Oncostatin-M: a novel leukocyte-derived factor facilitating the ovulatory process in the human ovary.

STUDY QUESTION

Does leukocyte-derived Oncostatin-M (OSM) regulate the ovulatory process in human dominant follicles?

SUMMARY ANSWER

Leukocyte-derived OSM activates key signaling pathways in human preovulatory granulosa cells and modulates steroidogenesis, prostaglandin synthesis, and tissue remodeling in human ovulatory follicles.

WHAT IS KNOWN ALREADY

Leukocytes are essential regulators of ovulation. Our recent single-cell RNA sequencing (scRNA-seq) has identified diverse leukocyte subpopulations in follicular aspirates obtained from IVF patients and revealed the expression of OSM in leukocytes and its receptors (OSMR, LIFR, IL6ST) in follicular cells. However, the function of leukocyte-derived OSM in human ovulatory follicle remains unclear.

STUDY DESIGN, SIZE, DURATION: This study analyzed dominant follicles from naturally cycling women (n = 19) across the periovulatory period and follicular aspirates from IVF patients (n = 12). Primary human granulosa/lutein cells (hGLCs) treated with hCG and/or recombinant human OSM (rhOSM) were used to assess its functional effects.

PARTICIPANTS/MATERIALS, SETTING, METHODS: Our recent scRNA-seq dataset was used to identify cell types expressing OSM and its receptors in human follicular aspirates. The expression of OSM and its receptors was assessed in dominant follicles by quantitative PCR (qPCR) and immunohistochemistry. hGLCs were treated with hCG and/or rhOSM, and functional analyses included qPCR, western blotting, RNA sequencing, and hormone assays for progesterone (P4), estradiol (E2), and prostaglandin E2 (PGE2) production.

MAIN RESULTS AND THE ROLE OF CHANCE

Bioinformatics analysis of scRNA-seq revealed that OSM is exclusively expressed in leukocytes, whereas its receptors are predominantly expressed in granulosa cells. Immunohistochemistry and qPCR analyses exhibited increased OSM expression in leukocytes and receptor expression in granulosa cells, respectively, after ovulatory hCG administration (P < 0.05). Western blotting demonstrated that rhOSM treatment activated STAT3, ERK1/2, AKT, and p38MAPK pathways in hGLCs. RNA sequencing and following qPCR revealed rhOSM-induced significant transcriptional changes in genes involved in steroidogenesis, prostaglandin synthesis/transport, inflammation, and tissue remodeling (FDR < 0.05). Functionally, rhOSM increased P4 and PGE2 secretion (P < 0.05) while decreasing E2 production (P < 0.05), suggesting a role in ovulation and luteinization.

LARGE SCALE DATA

RNA sequencing datasets are available in the Gene Expression Omnibus under accession number GSE277343.
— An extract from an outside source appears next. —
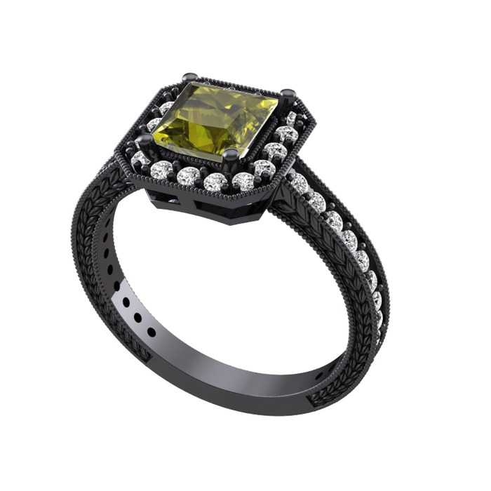 Peridot ve swarovski 925 ayar siyah rodyum kaplama gümüş yüzük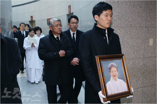 31일 오후 수원시 연화장에서 최신원 SKC회장(영정 뒤 왼쪽)과 최창원 SK케미칼 부회장(최 회장의 왼쪽)이 모친인 고 노순애 여사의 영정을 앞세우고 유족들과 함께 승화원으로 들어서고 있다. (사진=SK그룹 제공)

LIMITATIONS, REASONS FOR CAUTION: This study was conducted using in vitro hGLC cultures, which may not fully recapitulate in vivo ovulatory dynamics. Additionally, the findings are specific to human samples and require validation in other mammalian species.

WIDER IMPLICATIONS OF THE FINDINGS

These results suggest that leukocyte-derived OSM is a key cytokine regulating ovulatory events, providing novel insights into the immunoendocrine crosstalk within the human follicle. This study enhances our understanding of cytokine-mediated follicular maturation and may have implications for improving ovulation-related fertility treatments.

STUDY FUNDING/COMPETING INTERESTS: This study was supported by grants P01HD71875 (to M.J. and T.E.C.), R01HD096077 (to M.J.), R03HD095098 (to Y.C.), and R01HD115554 (to Y.C.). The authors declare no competing interests.